Figure 3. Calcium-dependent, sensitised D2-autoreceptor responses in SN DA neurons from juvenile Cav1.3 KO mice are mediated by T-type Ca²⁺ channels and the neuronal calcium sensor NCS-1.

Dopamine D2-AR experiments and SN DA data presentation are similar to that for Fig. 2. (a) Experiments in the presence of 10 mM EGTA (whole-cell current clamp), to buffer free internal Ca²⁺ in SN DA neurons from juvenile WT (n = 6) and Cav1.3 KO (n = 7) mice. (b) Experiments in the presence of either DNIP (yellow, D2/NCS-1 interacting peptide) or scrambled DNIP (as controls, blue, srDNIP) to block D2-AR/NCS-1 interactions in SN DA neurons from juvenile Cav1.3 KO mice (DNIP: n = 11; srDNIP: n = 10, perforated patch or on-cell recordings).

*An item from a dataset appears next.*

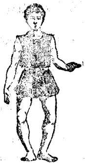
Desviación externa de las piernas, es corregible en sus diversos grados.

Tiene á disposición del que lo solicite habitaciones. VERDADERAMENTE RESERVADAS.—PRECIO ECONOMICO.—ROND. DE LA UNIVERSIDAD, 7, 2.º.—RECIBE DE 3 A 5.—BARCELONA.

Mean basal pacemaker frequencies were not affected by DNIP (see Table 1). (c) Experiments in the presence of the T-type Ca²⁺ channel blocker Z941 (10 μM; purple bar, perforated patch) in SN DA neurons from juvenile WT (n = 10) and Cav1.3 KO (n = 8). (d) Activity of SN DA neurons from (a–c) (and from Fig. 2a) at the last minute of dopamine application (min 15). Note that buffering of free internal Ca²⁺ (EGTA) is inducing prominent D2-AR desensitisation in both SN DA neurons from juvenile WT and KO mice, while DNIP (but not srDNIP), as well as Z941, both introduce WT-like D2-AR desensitisation in SN DA neurons from juvenile Cav1.3 KO mice. All data are shown as mean ± SEM, WT data in black and KO data in green. Significant differences are marked by asterisks. Data values and statistics are detailed in Table 1.